Schweizer wonders whether O and his deputies deliberately kept Sebelius away just in case the project went to hell, so that Obama could plead ignorance later as a defense to the charge of gross incomptence. That was my first hunch too, but why would they have taken that approach so soon after the law was passed? If they were trying to quarantine Sebelius, I would assume they’d have done it once the first signs of development problems started showing, not a month after he signed the bill. There had to be some period, certainly longer than a month, where he was optimistic that this rocket could get off the launch pad.
Regardless, the irony of Schweizer’s piece is that it’ll ultimately prove more useful to the left than to the right. Liberals will sneer at him for it today, dismissing the lack of personal interaction between O and S as irrelevant and typical of how modern bureaucracies work. Obama’s their guy for the next three years so they’ll do what it takes to defend him. Three years from now, though, assuming O-Care’s still on the books and groggily stumbling along, they’ll point back to this piece as evidence that the real problem isn’t the law, it was Obama’s odd passivity and disengagement. A more proactive executive — like, say, Hillary Clinton — would have made time for Sebelius every day. Watch and see.
Via RCP, here’s video of the one pitch that Matthews threw him in yesterday’s interview that had a little heat on it. Simple question: Do you have “strong top-down authority”? What is it about your management system that would allow the website problem to snowball?

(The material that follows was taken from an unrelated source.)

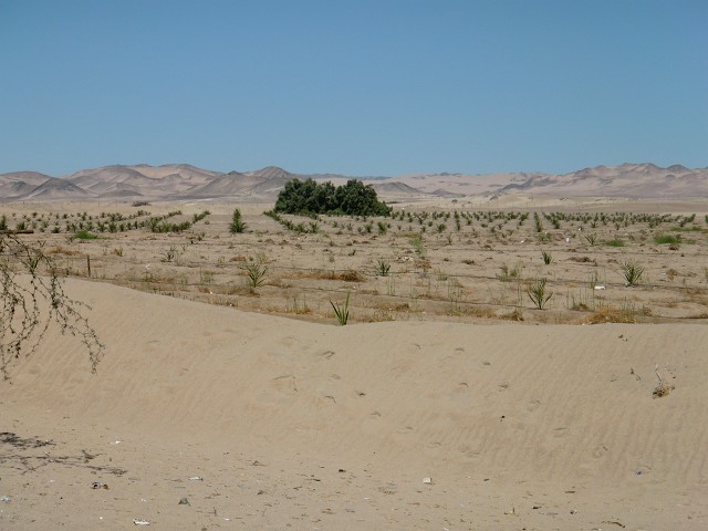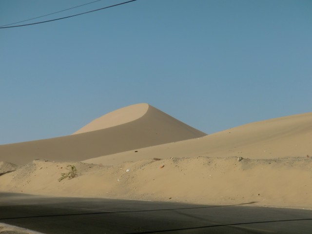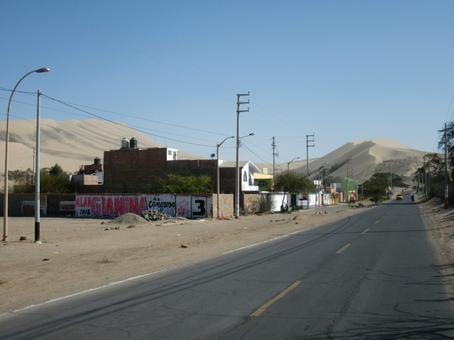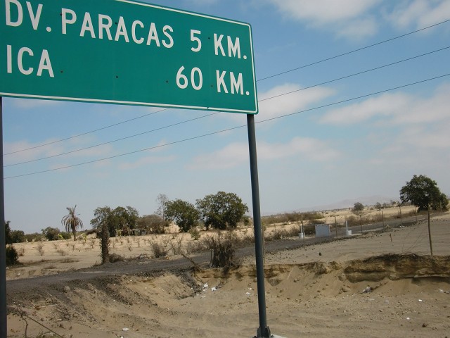 ペルー焼きそば ~ Icaへ向けて砂漠を走る 13、ペルー 2016年08月30日 チンチャの町を出発する前に、載せ忘れた写真を一枚。 こちらはチンチャではポピュラーな料理なんだそうな。名前は忘れてしまったが、なんか普通な名前だった気がする。焼き麺みたいな。見た目通りの焼きそばである。焼きそばというよりも、新潟のイタリアンに近いかもしれない。パサパサ感とか、麺自体が薄味なところとかが似ていると思う。 参考、イタリアン画像:wikipediahttps://upload.wikimedia.org/wikipedia/commons/5/5b/Italian(2)_(Mikazuki),_Japanese_local_fast_food.jpg よりさて、食中毒は治ったようだが、日にちがそれほど経っていないので、完治したかどうかはわからない。腹の調子を心配しつつの走行になった。町を出る途中、犬が一匹ひき殺されて死んでいく様を、すぐそばで目撃してしまった。体が痙攣しながらフルフルと天を仰ぐ犬。それから救急車のサイレンにも似た叫びをあげる。心配して近寄ろうとするほかの犬たち。しかし犬の飼い主がそれを許さない。・・・・・うむ、幸先が悪いな。いや、きっと魂になったこの犬もこちらに気づいて、楽しそうに並走してくれるはずだ。ね。一緒に楽しく走ろうね。あれ?それって、動物霊に憑かれるってこと?あー、それはちょっと・・・まあいいけどさ、なんかピンチになったときは協力してね?あと、走行中にほかの犬たちがこちらを追いかけないように威嚇もしくは説得をよろしく。肩が重くなるとか、そういうのはノーサンキュー。自分の足で走ってください。町を抜け出し、ひきつづき進行開始。 ↑いい感じの風車と畑。ペルーじゃないみたい ↑砂漠はつづく。いい天気だから暖かいしカラッとしていていいね。砂が目や荷物に入って来なければもっといいのにね今日はあまり走れなかったが、無理もしたくないしこの辺でいいか。ホテルがあったのでそこに泊まることにした。ハイウェイから外れホテルの奥側の道路を歩いてみると、そこそこの規模の村になっていた。広場でタープの下に立っているおばさんに、「この風船を盗みたいんだけど、取ってくれない?」などと笑顔で言われる。治安はよくないようだ。ここの小さなスーパーで、エナジードリンクのVoltが少し安く売っていたのでまとめ買いをする。まとめ買いと言ってもたかだか2個だけであるが、あまり買いだめはしない自分にとっては衝動買いに等しい。ホテルは値段が安いわりにいい部屋で、ゆっくり休むことができた。しかしここで大変なことに気がつく。あれ?ない。カナダで買ってからずっと愛用していたレーサーパンツ※がない!通りで自転車に乗ってる感じがいつもと違うわけだ。それにしてもおかしい。今日、宿を出る前にしっかりと忘れ物がないか室内をチェックしたのに。どこか見逃していたのか。・・・まあいっか。あれも結構古くなっててクッション性も少なくなってきてたし。そのうちまた新しいのを買おう。いやー最近はなんか集中力にかけているな。年かな。※レーサーパンツまたはレーシングパンツ。自転車用の短めのスパッツのこと。股と尻部分にクッションがついている。著者はこの記事を書くまでこの名称を知らず、たんにスパッツと呼んでいた。翌日、村のちょっと先にピスコという大きな町があることが判明。えー!ここで泊まればよかった!!寄って行こうかすごく迷った。迷ったけど、きっと大したものはないのに無駄に物価が高いんだろうなと思ったので見て見ぬふりをすることにした。 ↑とりあえず次に目指しているIca(イカ)まで60㎞。近いといえば近いのだが、すでに昼なので今日中に着くのは厳しいしばらく走ると、Paracas(パラカス)という観光地へと続く分かれ道についた。人に話を聞くと、「ここを右に曲がって10㎞くらい行くと着くよ。え、いや、すごく小さいとこだけど海があるしおいしい海鮮料理とかかわいい女とかいっぱいあるぜ。25ソルでホットシャワーがついてる安いホテル知ってっけど行くかい?」とのこと。10㎞、か。そこまで遠くはないけど、明日のことを考えるとなぁ。ここからイカまで約60㎞。パラカスに泊まるとなると、明日70㎞走らなくてはいけない。そうなると、朝早く起きないといけなくなるわけで。しかし、この先にはおそらく町がない。googleマップを見た限りでは、イカまで延々と砂漠の道がつづくのだ。休憩地点はないと考えたほうがいい。となると、ここでホテルを見つけて今日は泊まったほうがいいだろう。ハイウェイの交通整理をしていた警察に尋ね、安いホテルを紹介してもらう。が、イマイチ。部屋は広いがあまり設備もなく、これで30ソル(1050円)は高いかな。いいとは言い難い。ほかにないか探すと、あと一つだけホテルがあった。料金を聞くと、トイレシャワー(冷水)室が別の部屋で35ソル(1225円)、一緒だと50ソル(1750円)なんだそうな。しかしwi-fiがついてるらしい。恐ろしく値は張るが、一応部屋を見せてもらう。すると、「この部屋はすごく狭い

Key bit from O’s reply:
Generally speaking, my theory has been, number one, that yes, I’ve got a strong Chief of Staff but I’m holding every cabinet member accountable and I want to have strong interactions with them, directly. Number two, is I have an open door policy where I want people bringing me bad news on time so that we can fix things. And, you know, the challenge, I think, that we have going forward is not so much my personal management style or particular issues around White House organization. It actually has to do with what I referred to earlier which is we had these big agencies, some of which are outdated.
He’s a hands-on manager saddled with a bloated bureaucracy who craves direct problem-solving interaction with his subordinates. And also, he met alone with his quarterback on ObamaCare once in three and a half years. What?